The power of pixels: Modelling with images
This post provides the notes for the plenary I gave for the Auckland Mathematical Association (AMA) about using images as a source of data for teaching statistical investigations.
You might be disappointed to find out that my talk (and this post) is not about the movie pixels, as my husband initially thought it was. It’s probably a good thing I decided to focus on pixels in terms of data about a computer or digital image, as the box office data about pixels the movie suggests that the movie didn’t perform so well 🙂 Instead for this talk I presented some examples of using images as part of statistical investigations that (hopefully) demonstrated how the different combinations of humans, digital technologies, and modelling can lead to some pretty interesting data. The abstract for the talk is below:
How are photos of cats different from photos of dogs? How could someone determine where you come from based on how you draw a circle? How could the human job of counting cars at an intersection be cheaply replaced by technology? I will share some examples of simple models that I and others have developed to answer these kinds of questions through statistical investigations involving the analysis of both static and dynamic images. We will also discuss how the process of creating these models utilises statistical, mathematical and computational thinking.

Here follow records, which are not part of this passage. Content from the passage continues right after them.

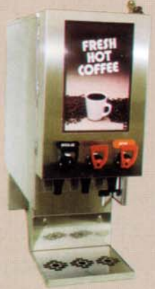
Model 672 Shown Alone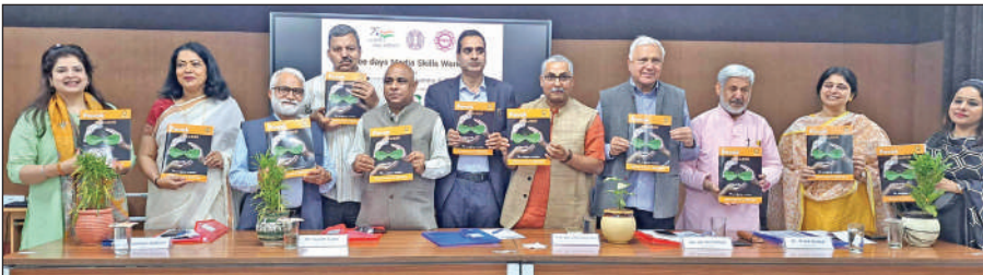
Dignitaries during the workshop at IIMC.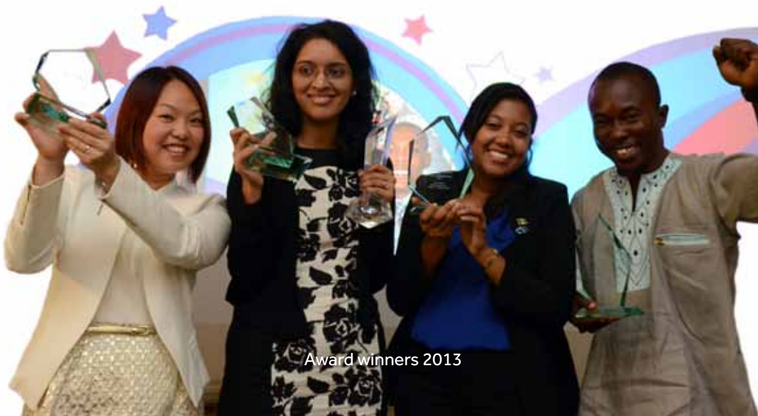
Award winners 2013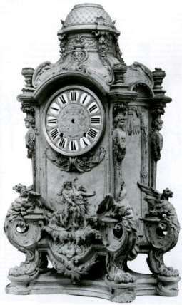
Terracotta mock-up of a clock, circa 1700. Presenting the details of the reliefs to take impressions for molding and casting. Getty Museum, Malibu, USA.

Authenticating a gilt-bronze piece is always a delicate matter. There have been many replicas and frequent re-gilding from the 18th century to today. Unlike with other techniques, touch does not intervene much in identifying gilt bronzes. Experience and an eye for detail are more useful. Several factors can help; for example, French gilt bronzes from the 18th century are generally lighter and less thick than those from the 19th century.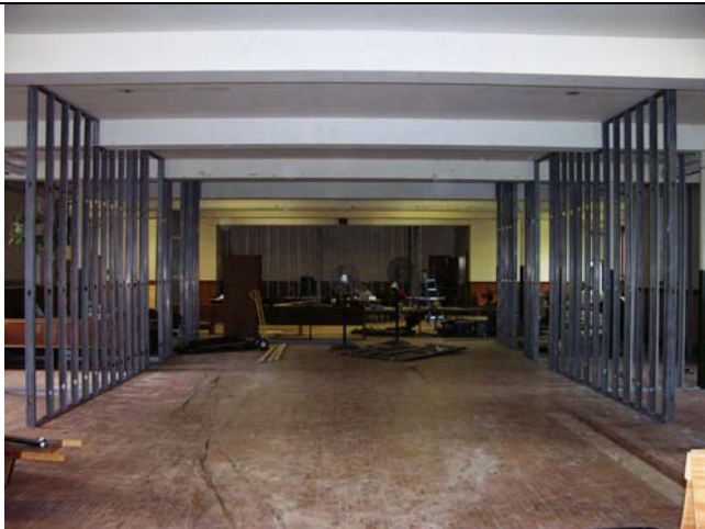
Installation of metal framework for partition walls along corridor 90 percent complete.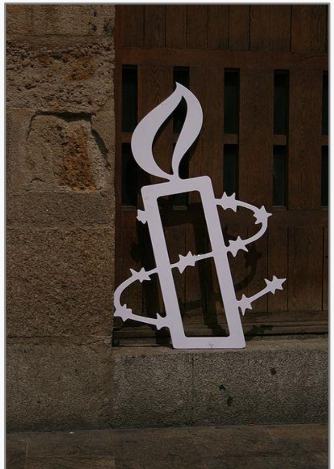
Amnesty International.

recommendations in order to stop unlawful killings and violation of human rights and humanitarian law. For instance, the non-governmental organisation urged Israeli forces to refrain from deploying lethal weapons unless it is unambiguously necessary. The report also called on the international community, such as the USA and the European Union, to suspend the transfer of various weapons, munitions and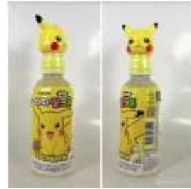
IK047 220ml x 24 5517 神奇寶貝皮卡丘飲料 (芒果) (18M) POKEMON PIKACHU DRINK (MANGO)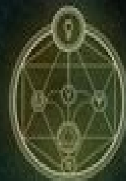
The Lily Flower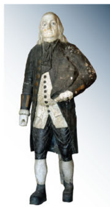
Full-Length Ship's Figurehead from SS Franklin, ca. 1850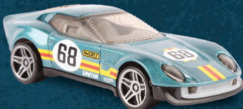
HOT WHEELS XL El Segundo Coupé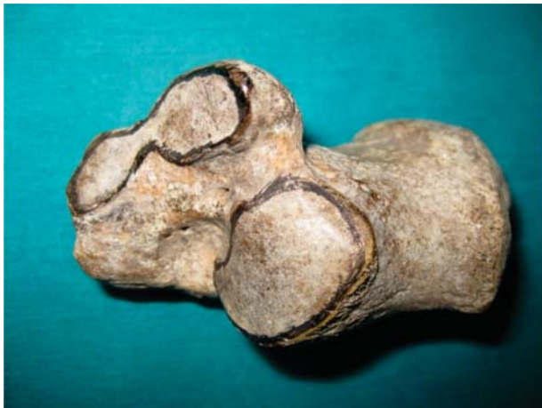
Figure 1 — Type I articular facet on the superior aspect of the calcaneus

I. Superior edge of anterior process to superior edge of posterior facet.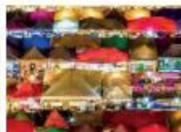
Train Night Market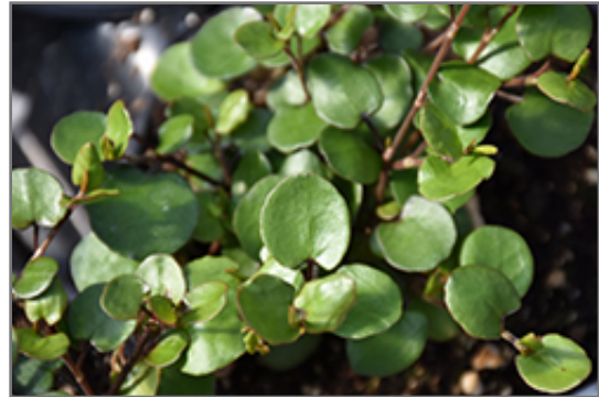
Big Leaf Creeping Wire Vine foliage

Big Leaf Creeping Wire Vine makes a fine choice for the outdoor landscape, but it is also well-suited for use in outdoor pots and containers. Because of its spreading habit of growth, it is ideally suited for use as a 'spiller' in the 'spiller-thriller-filler' container combination; plant it near the edges where it can spill gracefully over the pot. It is even sizeable enough that it can be grown alone in a suitable container. Note that when grown in a container, it may not perform exactly as indicated on the tag - this is to be expected. Also note that when growing plants in outdoor containers and baskets, they may require more frequent waterings than they would in the yard or garden.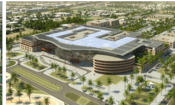
Al Ain Hospital, Al Jimi, UAE

As I was using a photo of my cat Elliot to explain the different ways we can use images to collect data, a really funny thing happened (see the embedded tweet below).
When @annafergussonnz is talking about a cat image in her plenary talk “Power of Pixels” #thatisarealcat #mtbos #mathchat pic.twitter.com/WsHoTNCG3Y
— Subash Chandar K (@elsubash) September 1, 2017
Yes, an actual real #statscat appeared in the room! What are the chances of that? 🙂
Pixels are the squares of colour that make up computer or digital (raster) images. Each image has a certain number of pixels e.g. an image that is 41 pixels in width and 15 pixels in height contains 615 pixels, which is an obvious link to concepts of area. The 615 pixels are stored in an ordered list, so the computer knows how to display them, and each pixel contains information about colour. Using RGB colour values (other systems exist), each pixel contains information about the amounts of red, green and blue on a scale of 0 to 255 inclusive. To get at the information about the pixels is going to require some knowledge of digital technologies, and so the use of images within statistical investigations can be a nice way to teach objectives from across the different curriculum learning areas.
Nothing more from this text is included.